You can customize the chat with a system prompt, conversation history, and much more. See the Chat documentation for details.
Tool Calling #
Give your LLM the ability to interact with the outside world by defining tools:
import 'dart:math' as math;
import 'package:nobodywho/nobodywho.dart' as nobodywho;
final circleAreaTool = nobodywho.Tool(
name: "circle_area",
description: "Calculates the area of a circle given its radius",
function: ({ required double radius }) {
final area = math.pi * radius * radius;
return "Circle with radius $radius has area ${area.toStringAsFixed(2)}";
}
);
final getWeatherTool = AiTool(
name: "get_weather",
description: "Get the weather of a city",
function: ({required String city}) async {
final weather = await fetchWeather(city);
return weather;
},
);
final chat = await nobodywho.Chat.fromPath(
modelPath: './model.gguf',
tools: [circleAreaTool, getWeatherTool],
);
final response = await chat.ask('What is the area of a circle with a radius of 2?').completed();
print(response);
See the Tool Calling documentation for more.
Sampling #
The model outputs a probability distribution over possible tokens. A sampler determines how the next token is selected from that distribution. You can configure sampling to improve output quality or constrain outputs to a specific format (e.g. JSON):
final chat = await nobodywho.Chat.fromPath(
modelPath: "./model.gguf",
sampler: nobodywho.SamplerPresets.temperature(temperature: 0.2), // Lower = more deterministic
);
See the Sampling documentation for more.
Embeddings & RAG #
For semantic search, document similarity, or retrieval-augmented generation (RAG), NobodyWho supports embeddings and cross-encoders.

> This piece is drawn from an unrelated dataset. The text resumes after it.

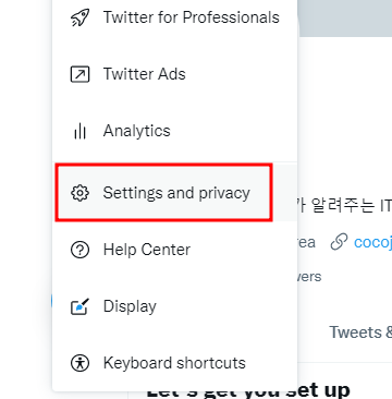 2. 트위터 계정 설정으로 가기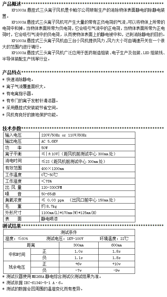 KP1003A第三代懸掛式三頭離子風機

Here's a complete example building a customer service assistant with access to a company knowledge base:
import 'package:nobodywho/nobodywho.dart' as nobodywho;
Future<void> main() async {
// Initialize the cross-encoder for document ranking
// Recommended model: https://huggingface.co/gpustack/bge-reranker-v2-m3-GGUF/resolve/main/bge-reranker-v2-m3-Q8_0.gguf
final crossencoder = await nobodywho.CrossEncoder.fromPath(modelPath: './reranker-model.gguf');
final knowledge = [
"Our company offers a 30-day return policy for all products",
"Free shipping is available on orders over \$50",
"Customer support is available via email and phone",
"We accept credit cards, PayPal, and bank transfers",
"Order tracking is available through your account dashboard",
];
final searchKnowledgeTool = nobodywho.Tool(
name: "search_knowledge",
description: "Search the knowledge base for relevant information",
function: ({required String query}) async {
final ranked = await crossencoder.rankAndSort(query: query, documents: knowledge);
final topDocs = ranked.take(3).map((e) => e.$1).toList();
return topDocs.join("\n");
},
);
final chat = await nobodywho.Chat.fromPath(
modelPath: './model.gguf',
systemPrompt: "You are a customer service assistant. Use the search_knowledge tool to find relevant information from our policies before answering customer questions.",
tools: [searchKnowledgeTool],
);
final response = await chat.ask("What is your return policy?").completed();
print(response);
}
See the Embeddings & RAG documentation for more.